> _ABOUT THIS EXERCISE_:
Would you output all the lines below precisely as they stand, leaving each picture out?

> _DATA EXCERPT_:
□ □ □

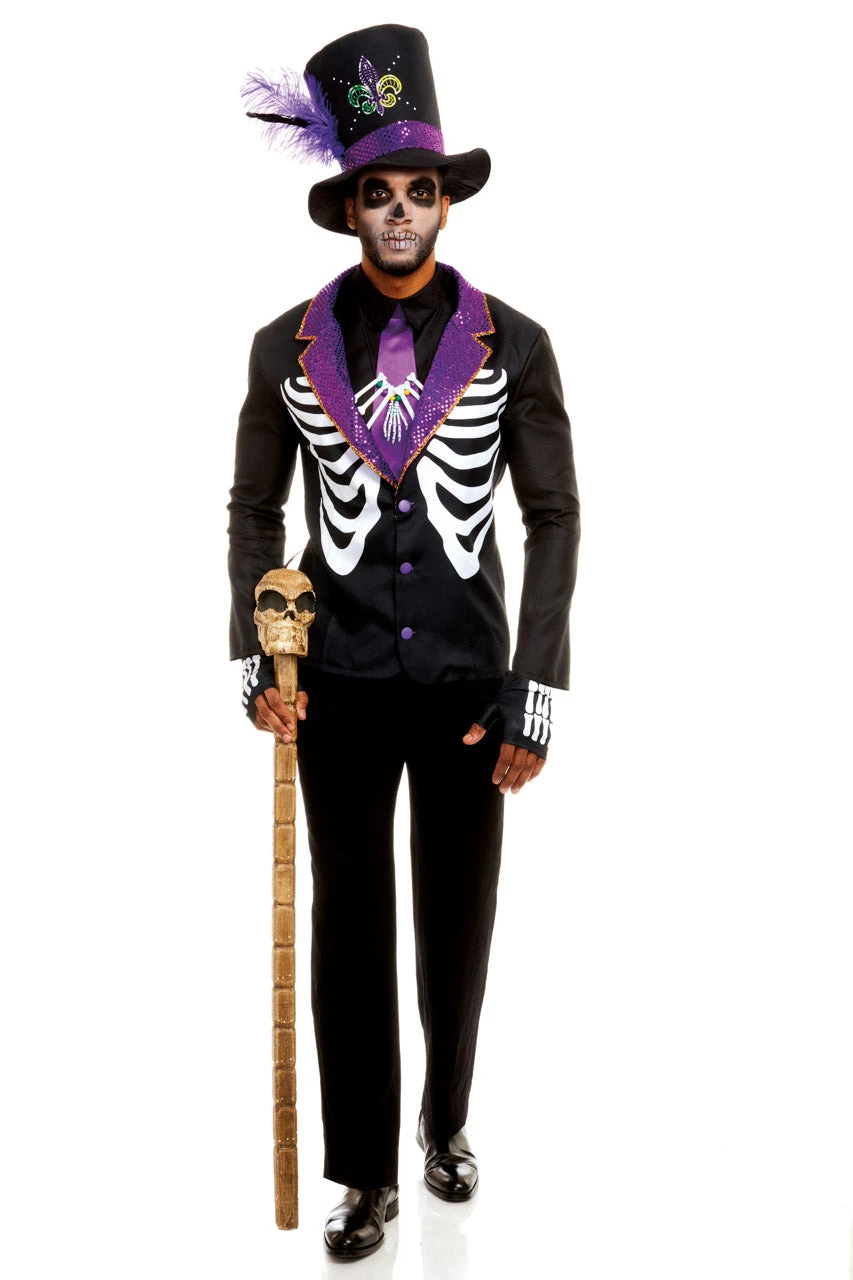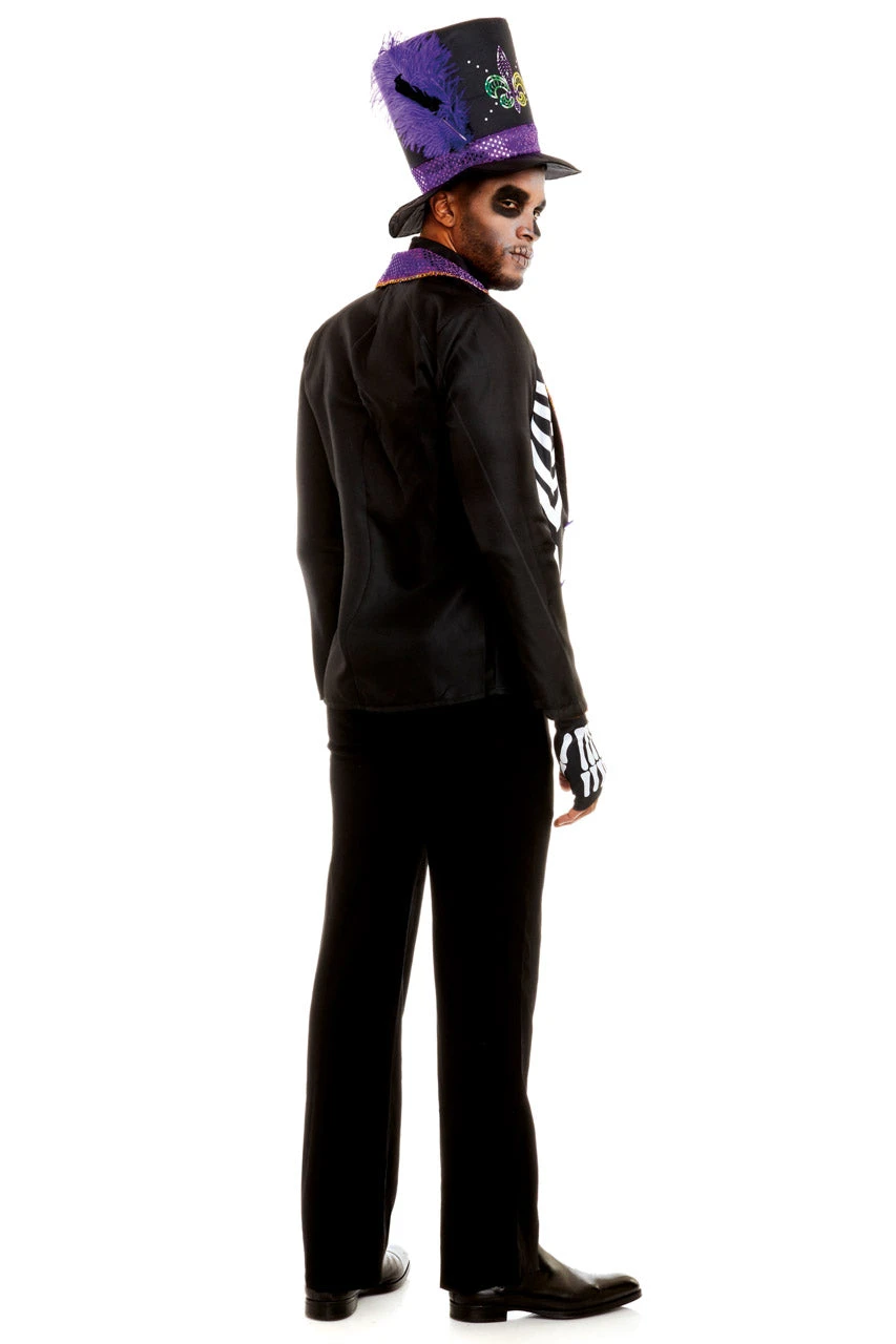 This men’s Bourbon Street Voodoo costume includes a a collapsible top hat, a skeleton printed jacket with purple lapels, a matching dickie, bone necklace, and skeleton print fingerless gloves. (Pants and cane not included.)
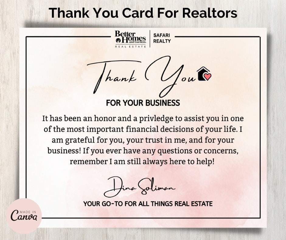 Imagine being a client in a significant transaction like buying or selling a home. It's a huge decision! A personalized thank you card acknowledges their trust and investment in you. It elevates your service from transactional to truly personal, making clients feel valued and remembered.
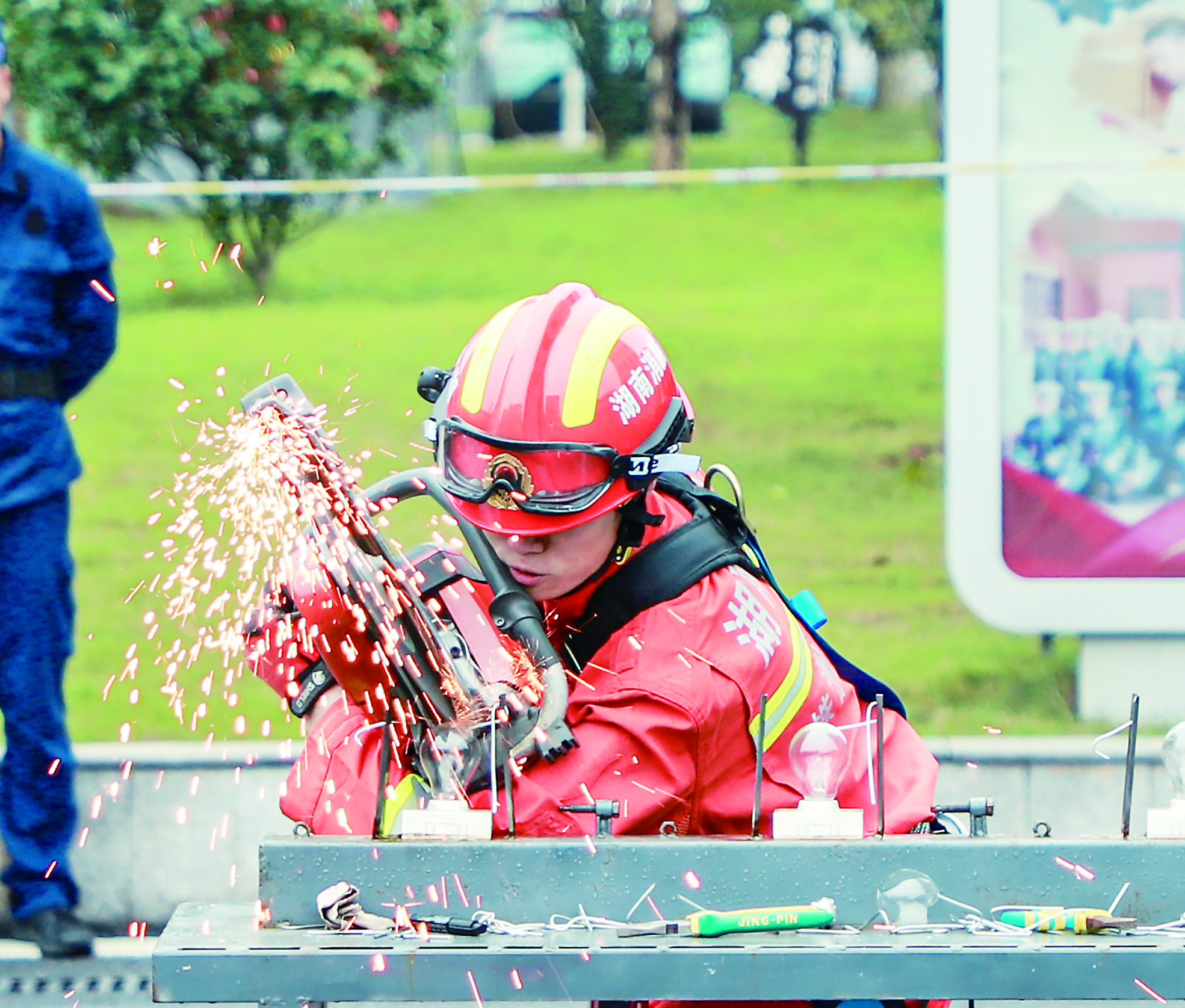 本次竞赛共设灭火战斗员、应急救援员、消防装备维护员、消防设施操作员、消防通信员5个竞赛项目。与往年相比,今年的竞赛科目力求最大程度贴近实战,还格外考验消防员的“细功夫”。例如,在消防装备维护员的竞赛科目中,消防员需要手扛数十公斤的切割机,在鸡蛋上划开一道不到1毫米的口子,考验器材熟练程度。

□ □ □

> _SOLUTION_:
 This men’s Bourbon Street Voodoo costume includes a a collapsible top hat, a skeleton printed jacket with purple lapels, a matching dickie, bone necklace, and skeleton print fingerless gloves. (Pants and cane not included.)
 Imagine being a client in a significant transaction like buying or selling a home. It's a huge decision! A personalized thank you card acknowledges their trust and investment in you. It elevates your service from transactional to truly personal, making clients feel valued and remembered.
 本次竞赛共设灭火战斗员、应急救援员、消防装备维护员、消防设施操作员、消防通信员5个竞赛项目。与往年相比,今年的竞赛科目力求最大程度贴近实战,还格外考验消防员的“细功夫”。例如,在消防装备维护员的竞赛科目中,消防员需要手扛数十公斤的切割机,在鸡蛋上划开一道不到1毫米的口子,考验器材熟练程度。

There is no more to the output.